**Action item:** Below is a listing with pictures in it; transcribe exactly the lines from the one that has "Ανάμεσα στα πρώτα" through the one that has "995.com 充值十块钱提60被黑 禁止充值", and omit those pictures.
┌─ Information supplied
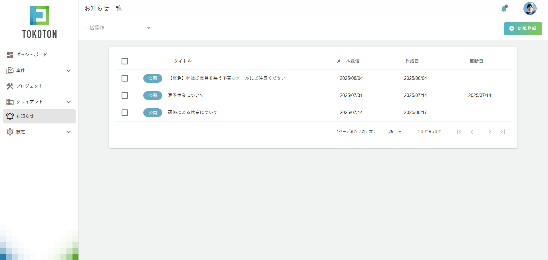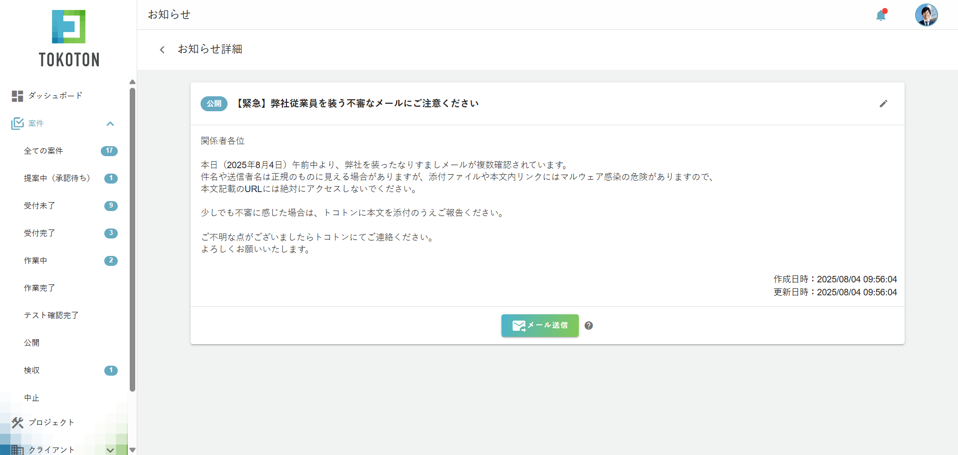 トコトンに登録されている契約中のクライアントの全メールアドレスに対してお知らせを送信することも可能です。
└─
┌─ Information supplied
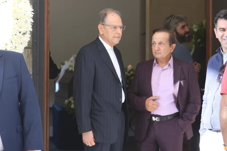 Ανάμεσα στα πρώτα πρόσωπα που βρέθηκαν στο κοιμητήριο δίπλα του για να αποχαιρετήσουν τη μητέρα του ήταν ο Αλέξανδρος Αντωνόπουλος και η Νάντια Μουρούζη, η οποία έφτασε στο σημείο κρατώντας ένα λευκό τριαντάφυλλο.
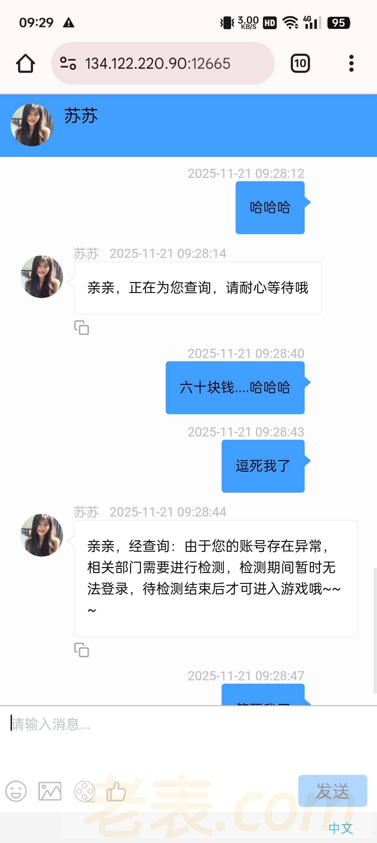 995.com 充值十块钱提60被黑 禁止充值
└─
**Finished task:**
 Ανάμεσα στα πρώτα πρόσωπα που βρέθηκαν στο κοιμητήριο δίπλα του για να αποχαιρετήσουν τη μητέρα του ήταν ο Αλέξανδρος Αντωνόπουλος και η Νάντια Μουρούζη, η οποία έφτασε στο σημείο κρατώντας ένα λευκό τριαντάφυλλο.
 995.com 充值十块钱提60被黑 禁止充值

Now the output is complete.